In general, the energy, 𝐸,
required to affect a phase transition is equal to the mass of the substance going
through that transition multiplied by the specific latent heat of that
substance. Looking again at our table, we’re
given the specific latent heat, in particular of fusion, for these four different
metals. In other words, for these metals,
we know capital 𝐿. But we don’t yet know the specific
latent heat of fusion of the unknown metal that our student is working with. It’s that that we want to identify
to know which of the four metals we’re using. Now, here’s what we do know about
our unknown metal and the energy involved. First, we know the mass of our
sample. That’s given as 200 grams. And we also know how much energy it
took to completely melt this sample of metal. We can call that energy 𝐸, and
we’re told that it’s equal to 79.6 kilojoules, 79.6 thousand joules.

Now, taking a look back over at our
expression for the energy 𝐸 in terms of the mass and the specific latent heat. We can see that if we divide both
sides by the mass involved, then that term cancels from the right and we arrive at a
mathematically equivalent statement. That the energy involved in this
transition divided by the mass of the substance is equal to the specific latent heat
of that substance. And it’s that value, capital 𝐿,
that we want to solve for for our as-yet-unknown metal.

So, to do it, we’ll divide the
energy we needed to melt the metal by the mass of the sample. In other words, we’ll divide 79.6
kilojoules by 200 grams. But before we do that, notice the
units in which our specific latent heats of fusion are given. They’re kilojoules per
kilogram. And we have kilojoules per
gram. So, before we do this division,
we’ll want to convert our mass into units of kilograms. We can recall that one kilogram of
mass is equal to 1000 grams, which means that to convert 200 grams into kilograms,
we’ll shift the decimal place three spots to the left, at which point we can see
that 200 grams is equal to 0.200 kilograms.
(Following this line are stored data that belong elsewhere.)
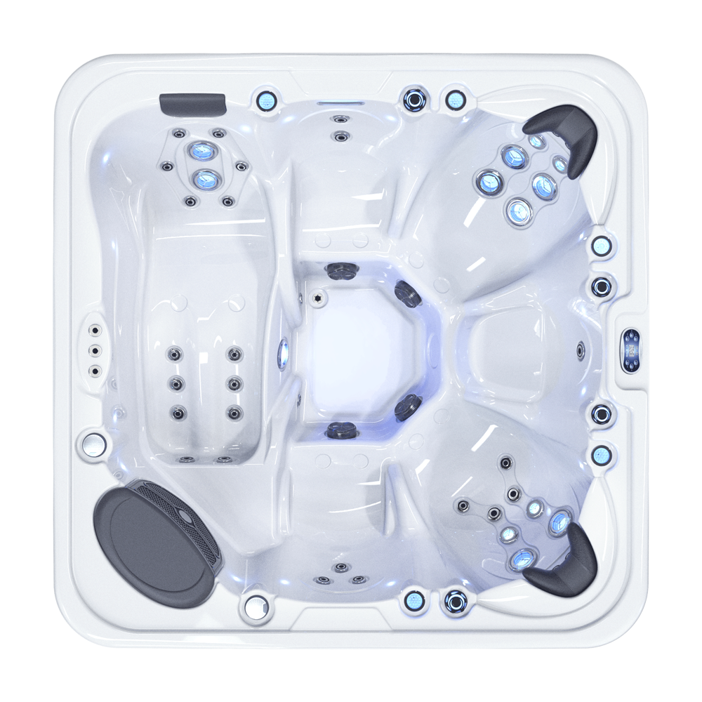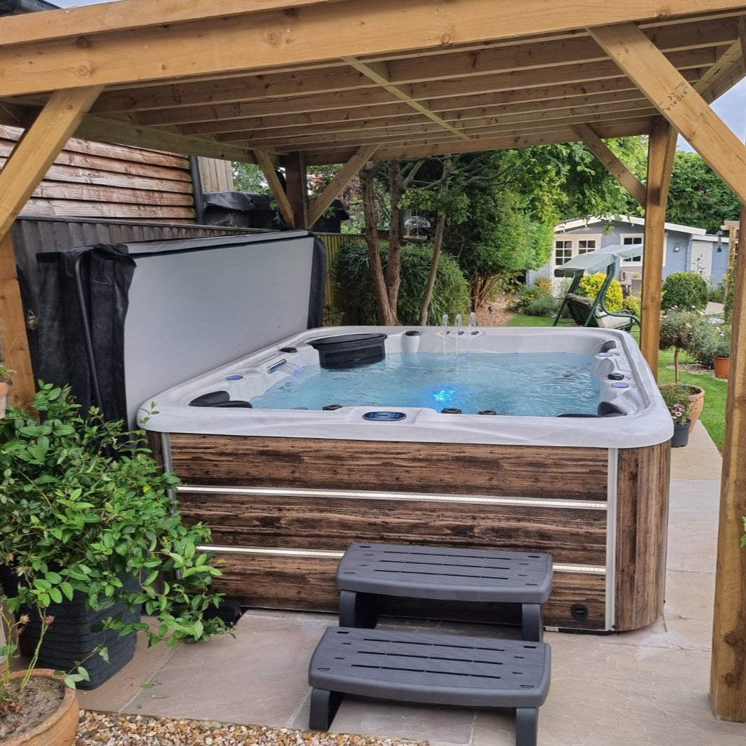 Dual pumps deliver a powerful massage experience, while premium features like a Bluetooth™ music system, Balboa™ controls, LED lighting, UV sanitation, and water rope fountains ensure ultimate relaxation. Built with a durable aluminium frame and superior insulation for maximum efficiency.
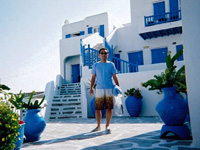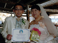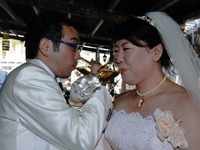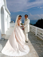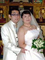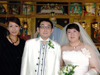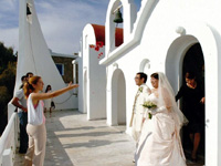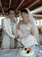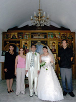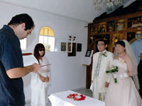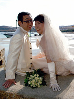 挙式当日は、お昼ごろ、数ヶ月ぶりの雨が降って、どうなることかと思いましたが、準備して、ソスティス教会へ出発するころには、 晴れてきたので、ほっとしました。式も無事に終わって、次の日は、ビーチで、のんびりと幸せな時間を過ごすことができました。 エーゲ海は、想像以上に透きとおった青で、本当に感動しました。 |
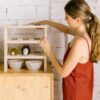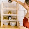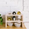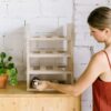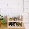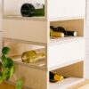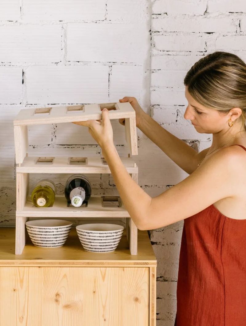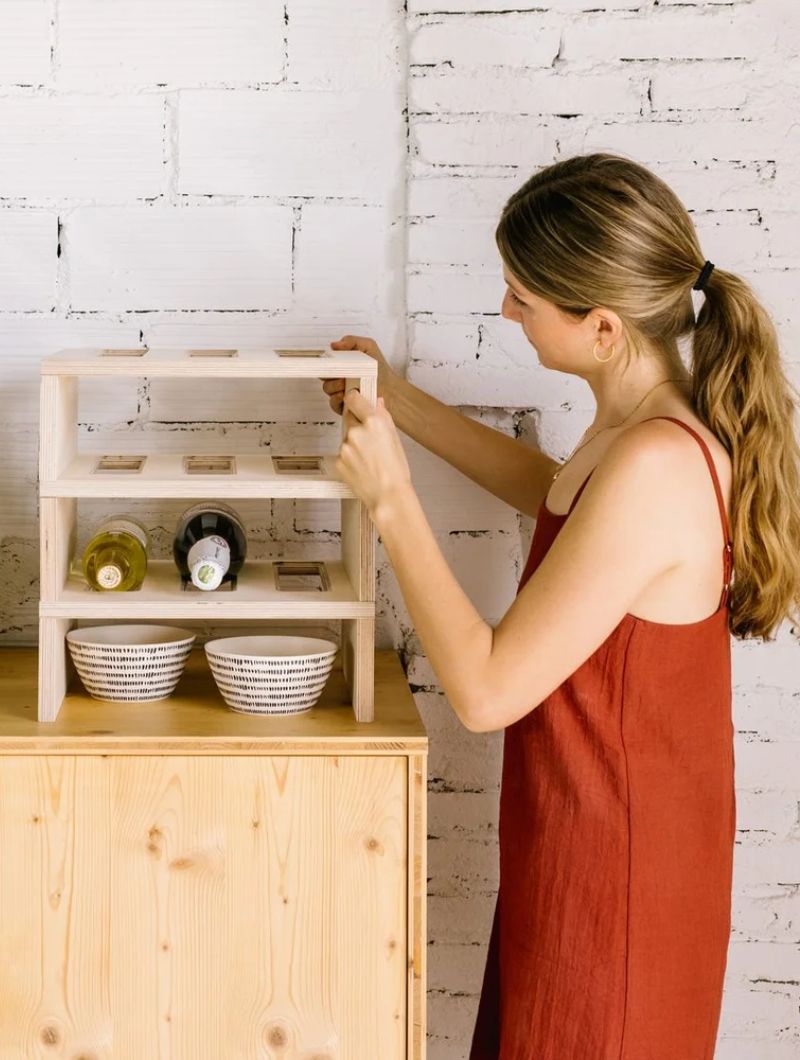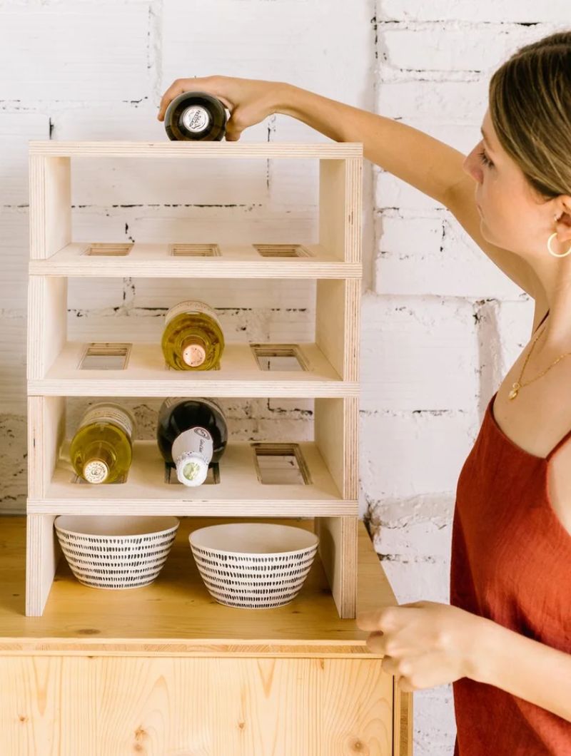 Su forma cuadrada permite colocarlo en cualquier dirección y jugar con el diseño: puede girarse para dejar las botellas en la parte superior y usar la inferior como espacio de almacenamiento adicional. Cada módulo se vende por separado e incluye cuatro espigas para poder añadir más niveles en cualquier momento.
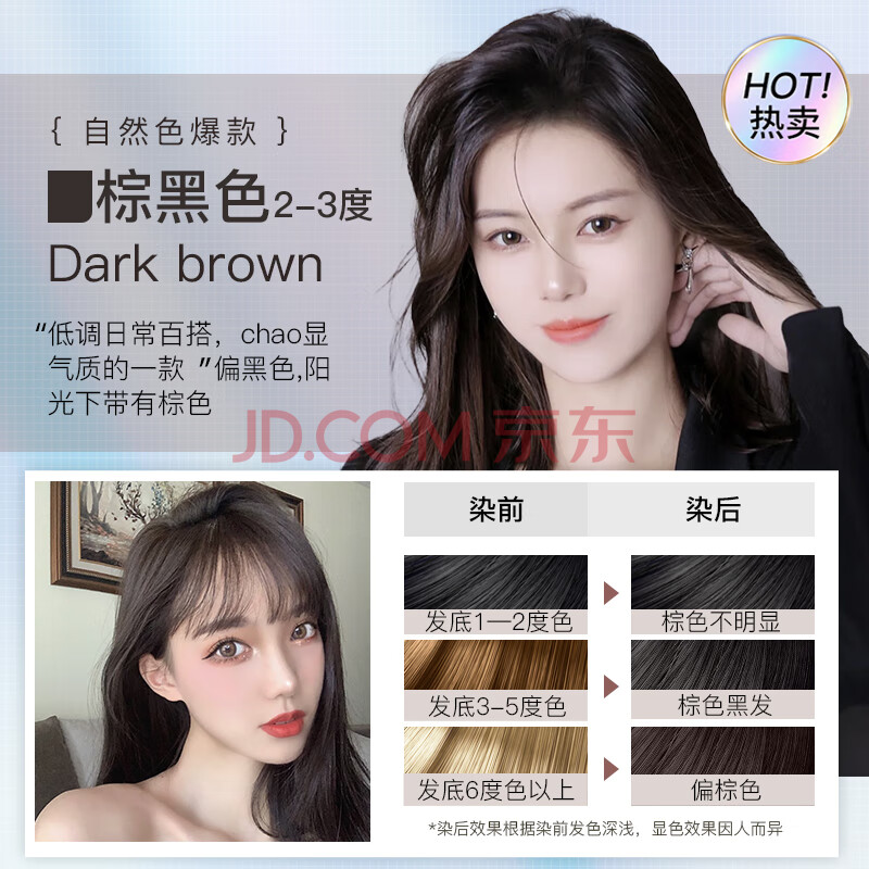 商品相册:靓逸(LIANGYI)易梳彩棕黑色400ml染发剂植物配方纯染发膏盖白头发不沾皮男女士第
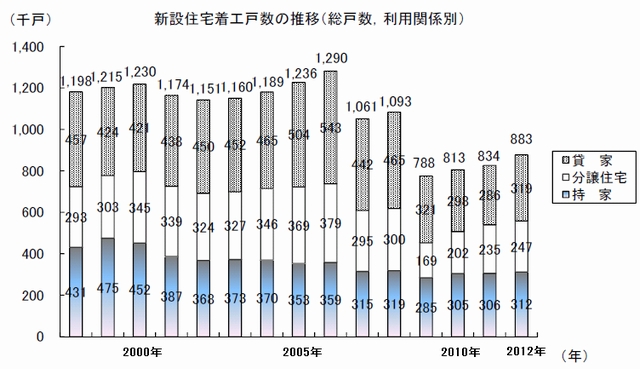 国土交通省が1月31日発表した2012年の新設住宅着工戸数は、前年比5.8%増の88万2797戸で、3年連続で増加した。持家は2.0%増の31万1589戸、戸建て分譲住宅は5.0%増の12万2590戸で、ともに3年連続の増加。マンションも5.5%増と3年連続で増加し、12万3203戸だった。貸家は11.4%増と4年ぶりに増加に転じ、31万8521戸と2009年以来3年ぶりに30万戸を超えた。地域別では、復興需要が旺盛な東北が39.9%増と全体を牽引した。
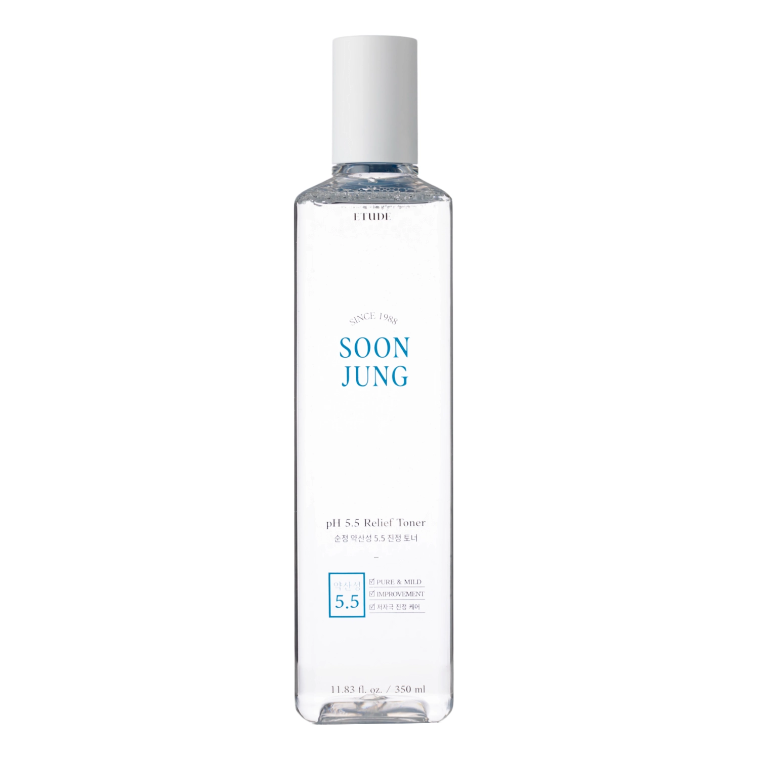 Etude House - SoonJung PH 5.5 Relief Toner - nomierinošs toniks sausai un jutīgai ādai. Satur betaīnu ar spēcīgu mitrinošu un nomierinošu iedarbību, kā arī madekasosīdu, kas atjauno ādu un mazina iekaisumu.

Looking at the units in our
fraction now, we see that they’re kilojoules per kilogram. They’re a match for the units in
terms of which the specific latent heats of fusion of these metals are given. So, we’re ready to divide. When we do, we find a result of 398
kilojoules per kilogram. And looking through our table, we
see that this is a match for the specific latent heat of fusion of aluminum. These tells us that the metal the
student is working with is aluminum.